= Beginning of Section =

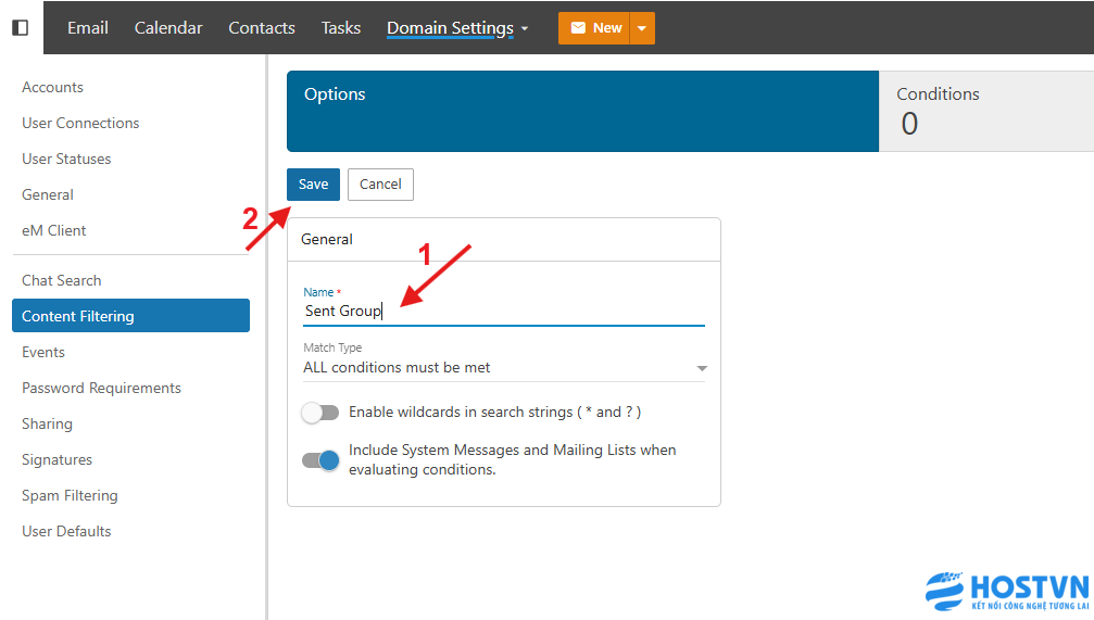 Tiếp theo, tạo Condition (Điều kiện) thứ 2 với nội dung địa chỉ group, ví dụ group all@hostvn.com.
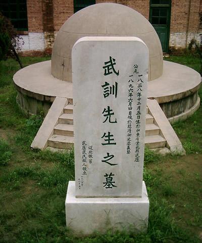 1896年6月4日(光緒22年4月23日巳時),武訓(xùn)先生在臨清御史巷義學(xué)房檐,側(cè)身而臥,聽著孩子的瑯瑯讀書聲,面露微笑,離開了人間,享年59歲。遵照遺囑,由其侄克信引薄柩葬于此地,當(dāng)時為土丘。1937年,由何思源監(jiān)工,重修武墓,改為水泥丘。1966年9月,“造反派”扒墳掘墓,碎尸粉骨。據(jù)目擊者回憶武訓(xùn)尸骨較長,沒有任何陪葬平,頭骨上有一縷頭發(fā)。1989年4月,武訓(xùn)紀(jì)念館籌建小組按原方位與形狀重新修建,墓碑由徐云北題。
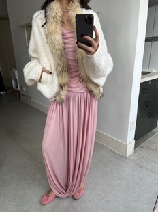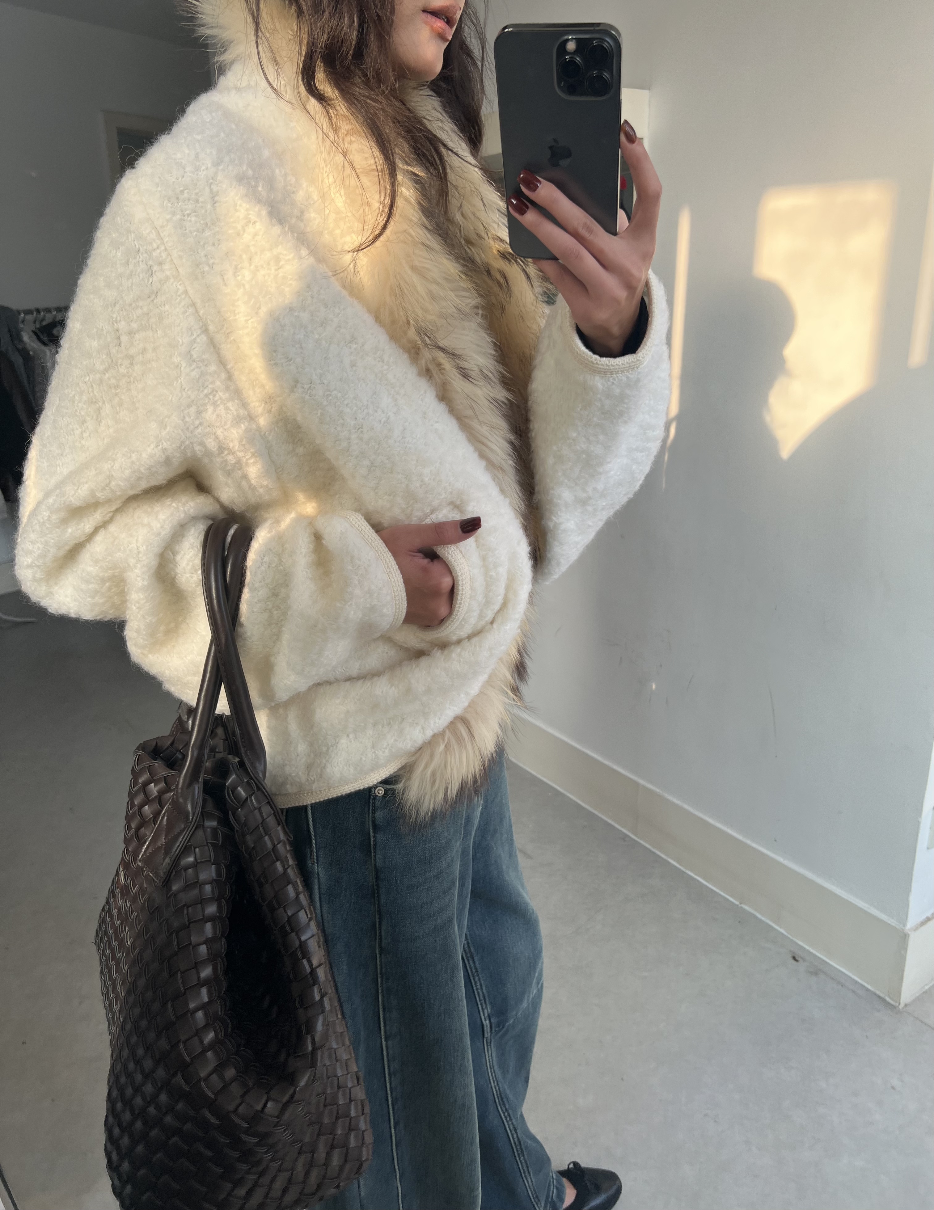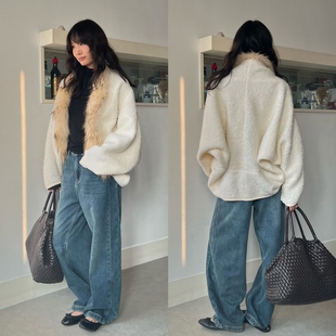 毛呢外套宽松慵懒气质开衫 现 蝙蝠袖 WEEEECHAN 外套 真毛领

= End of Section =

Transcribe the listing exactly; omit all images.

SOLUTION TO THIS PROBLEM –
 Tiếp theo, tạo Condition (Điều kiện) thứ 2 với nội dung địa chỉ group, ví dụ group all@hostvn.com.
 1896年6月4日(光緒22年4月23日巳時),武訓(xùn)先生在臨清御史巷義學(xué)房檐,側(cè)身而臥,聽著孩子的瑯瑯讀書聲,面露微笑,離開了人間,享年59歲。遵照遺囑,由其侄克信引薄柩葬于此地,當(dāng)時為土丘。1937年,由何思源監(jiān)工,重修武墓,改為水泥丘。1966年9月,“造反派”扒墳掘墓,碎尸粉骨。據(jù)目擊者回憶武訓(xùn)尸骨較長,沒有任何陪葬平,頭骨上有一縷頭發(fā)。1989年4月,武訓(xùn)紀(jì)念館籌建小組按原方位與形狀重新修建,墓碑由徐云北題。
 毛呢外套宽松慵懒气质开衫 现 蝙蝠袖 WEEEECHAN 外套 真毛领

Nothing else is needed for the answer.